O problema não é da UPP, como eu disse o projeto é bom. Também não acho que seja do comando da polícia, da tão alegada e real criminalidade, de estruturas arcaicas (concordo que sejam), nada disso, é mais profundo e nítido.

O problema é a polícia como um todo e como a polícia faz parte da sociedade é da sociedade.

Todos perceberam já que o sistema policial brasileiro está falido. Não é preciso ser nenhum gênio para perceber e que não serão projetos como a UPP que irão resolver. Fala-se muito que a resolução do problema vem da “educação”, mas isso é muito vago também.

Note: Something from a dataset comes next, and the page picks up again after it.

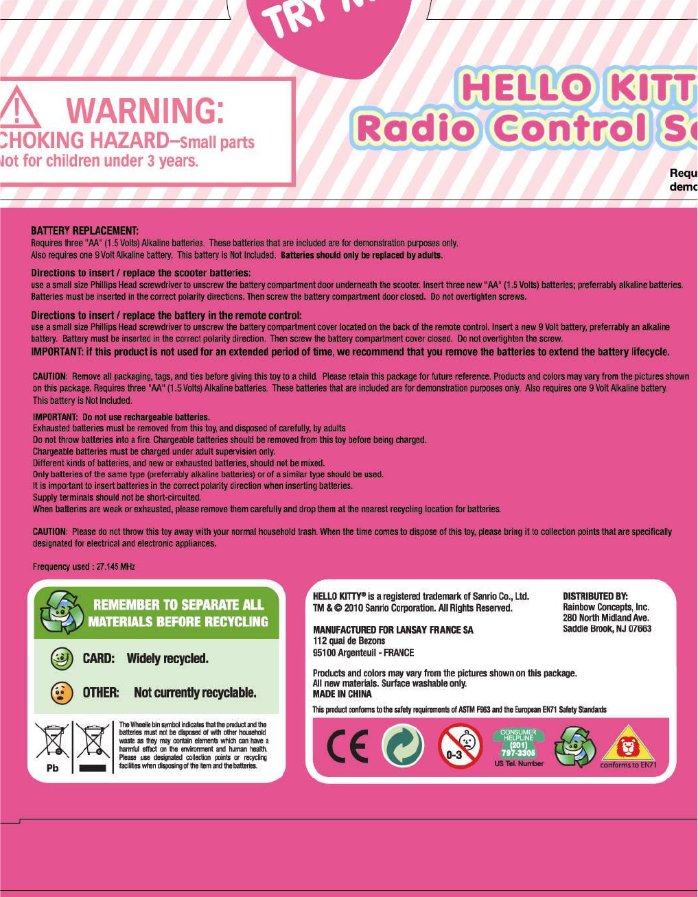 Yick Shun Electronic Toys 10962 Remote Controller for Toy User Manual Manual

Educação escolar? De valores? Pode ser, mas como se faz isso? Como começa? Melhor dizendo, a quem interessa que isso ocorra?

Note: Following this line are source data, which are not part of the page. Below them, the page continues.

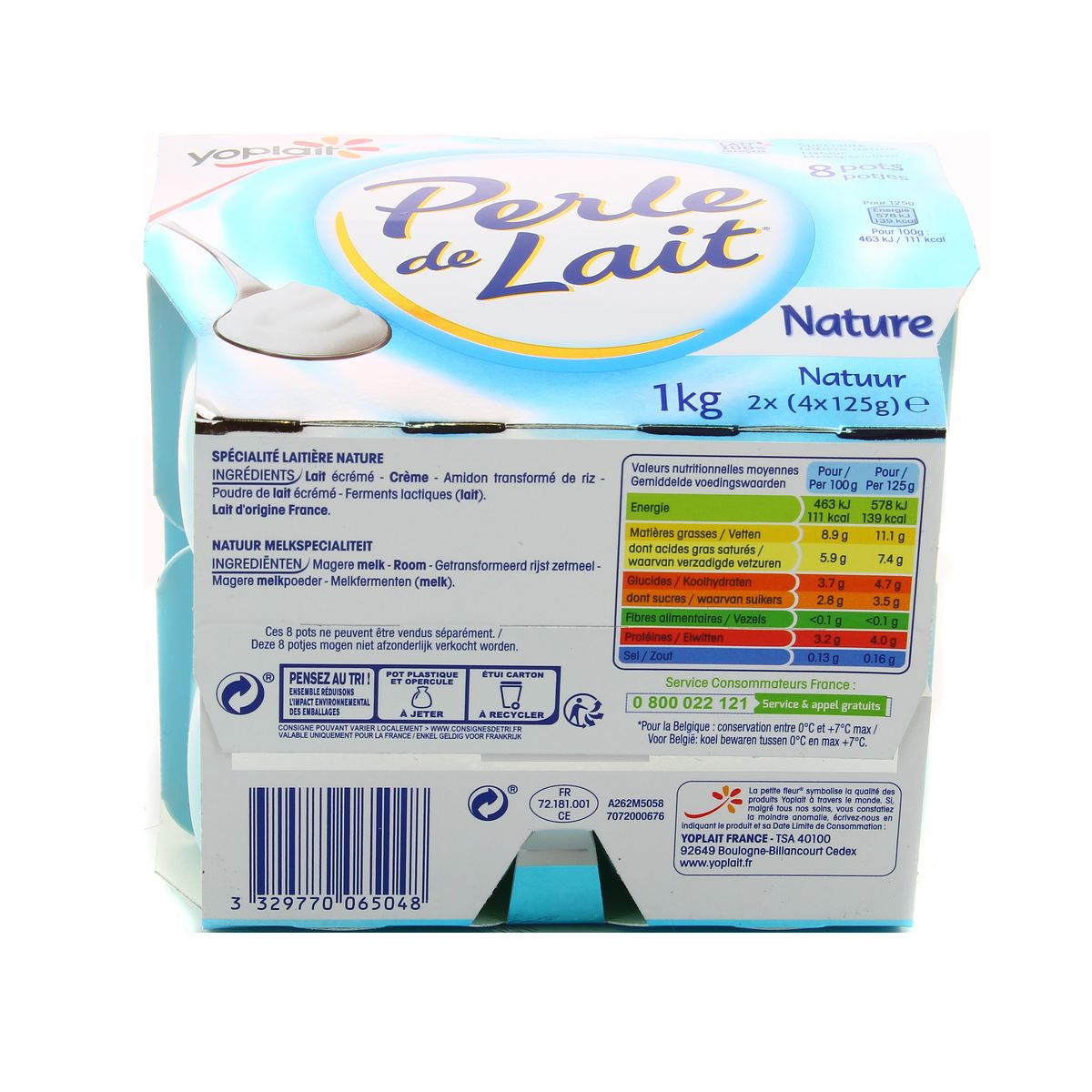 Perle De Lait Nature 8 Pots Offre Decouverte 1 Kg 2 X 4 X 125 G
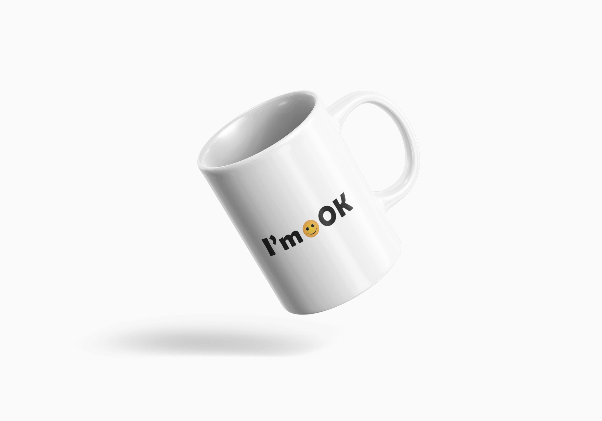 I'm OK in Text- emoji printed ceramic white coffee and tea mugs/ cups for emoji lover people
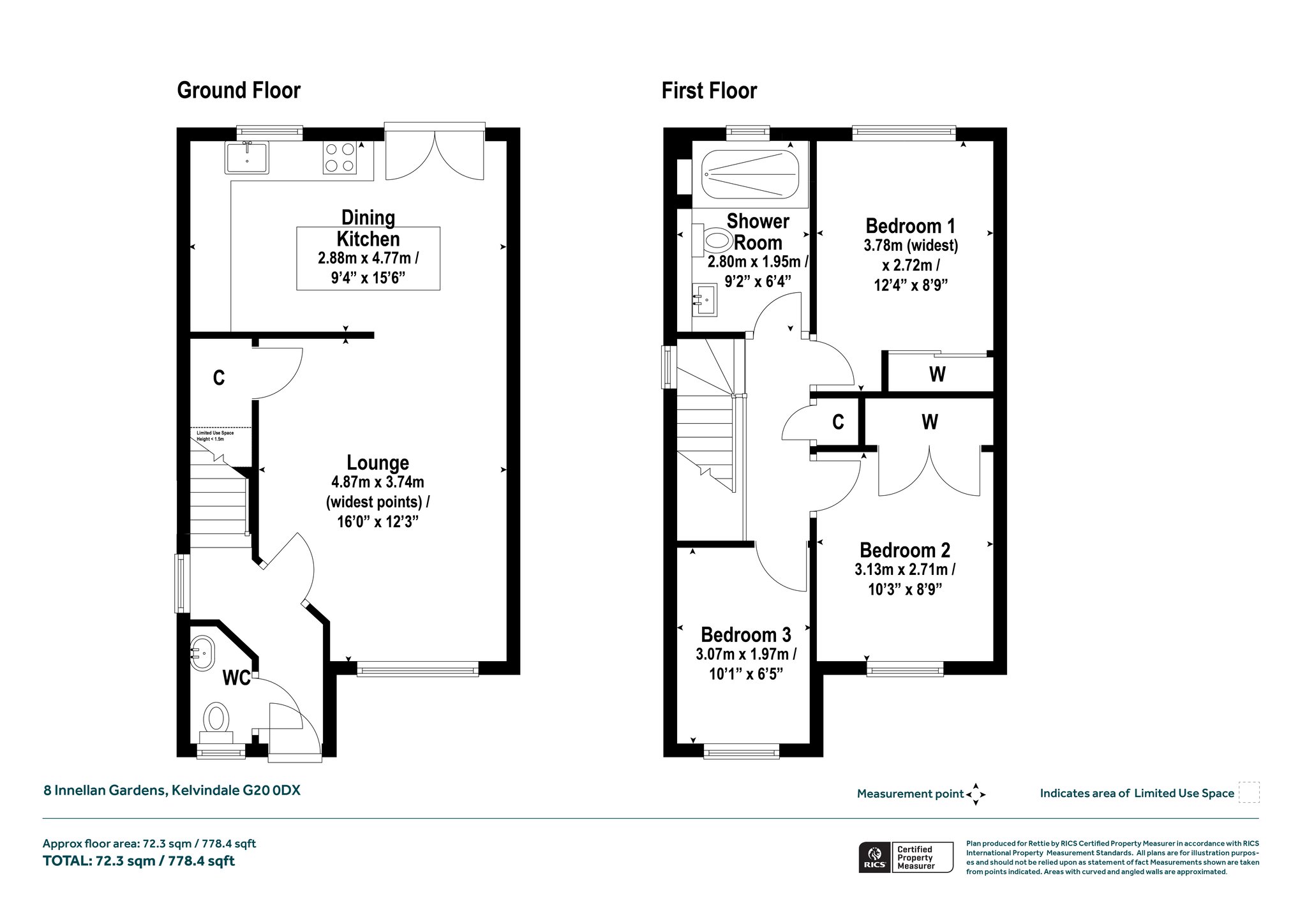 - Downstairs W/C accessed from the hallway.

Do fundo do coração. Existe interesse da sociedade em uma polícia honesta?

A UPP não dará certo pelo mesmo motivo que nada dá certo. Falta caráter e não só a polícia, mas a sociedade. A carreira policial não é fácil, são muitos riscos, muito stress para salário que é uma piada.

O cara sai de casa tendo que sustentar uma família ganhando uma merreca pra trocar tiro com traficante, bandidos de todas as espécies. Muitas vezes esse cara divide espaço de vizinhança com esses bandidos. Mora em favelas dominadas pelo tráfico, anda de ônibus correndo risco desse ser invadido por bandidos e ser fuzilado ao ser descoberto em que trabalha, tenho conhecidos que morreram assim.

Tipo de trabalho que endurece a pessoa, que seduz pelas facilidades em detrimento do que a honestidade não lhe dá. Tem que ser muito honesto, muito íntegro pra não se deixar levar.

Mas o honesto no Brasil é sinônimo de otário.

Daí nasce o policial corrupto e covarde. o que sai chutando porta de gente de família, que acharca, bate, humilha, mata, some, se impõe perante o fraco e é conivente com o forte. Uma polícia despreparada e preconceituosa que é cruel com o pobre e o preto. Que dá medo, que assusta, que eu não gosto de encontrar de madrugada na rua quando devia gostar já que foi feita pra me proteger.

Reflexo de uma sociedade também preconceituosa, racista, que em sua maioria não liga quando ocorre merda em favela, quando entram sem mandato em barraco e batem num pai na frente dos filhos, quando dão dura em crioulo de madrugada na rua e tapa na cara dele.

Que aplaude Capitão Nascimento quando bota favelado no “saco”, mas pede justiça quando a ação chega na classe média, no asfalto.

Fazem sinal de paz, pombas com as mãos, passeatas pela paz na maioria das vezes quando a bosta respinga no asfalto. Pedem mudança comportamental da polícia, citam Titãs como eu citei no título da coluna, mas refaço a pergunta.    

A quem interessa uma polícia honesta?

A quem interessa uma polícia que leva em cana o cara que bebe e dirige? O mesmo cara que reclama de corruptos, mas segue perfil da lei seca pra fugir de blitz? A quem interessa policial que não deixa o garoto de classe média fumar seu baseado na Lapa? A qual pai interessa buscar filho em delegacia de madrugada porque pichou, fez rachas? Mesmo pai que diz se preocupar com a violência e seu filho de madrugada na rua sem pensar que ele pode ser o autor.

Nós temos um grave desvio de caráter porque queremos justiça sim, mas para os outros, pra gente pedimos “uma aliviada”. Interesses sempre vêm antes da justiça. Petistas acusam a oposição, oposição a petistas e nenhum lado se preocupa com o país e sim ferrar o outro.

Um lado quer CPI da Petrobras pra ferrar o governo em ano eleitoral, o governo tenta barrar a investigação e quer colocar outros casos de corrupção pra ferrar a oposição que aí não aceita. Ninguém quer investigar nada e sim ferrar o inimigo. O Brasil é isso. Um preocupado em ferrar o outro e se dar bem no fim.  

E a polícia é esse pitbull treinado pra atacar o inimigo, mas que sacrificamos quando morde a nossa perna lhe acusando de ser o responsável por aquilo que lhe treinamos.

A polícia do Brasil tem que acabar. É, isso mesmo, acabar. Tem que acabar e recomeçar do zero, com nova estrutura, forma de reconhecimento e valores assim como nossa sociedade.

Polícia para quem precisa.


Para todos nós que de forma direta ou não temos pólvora na mão.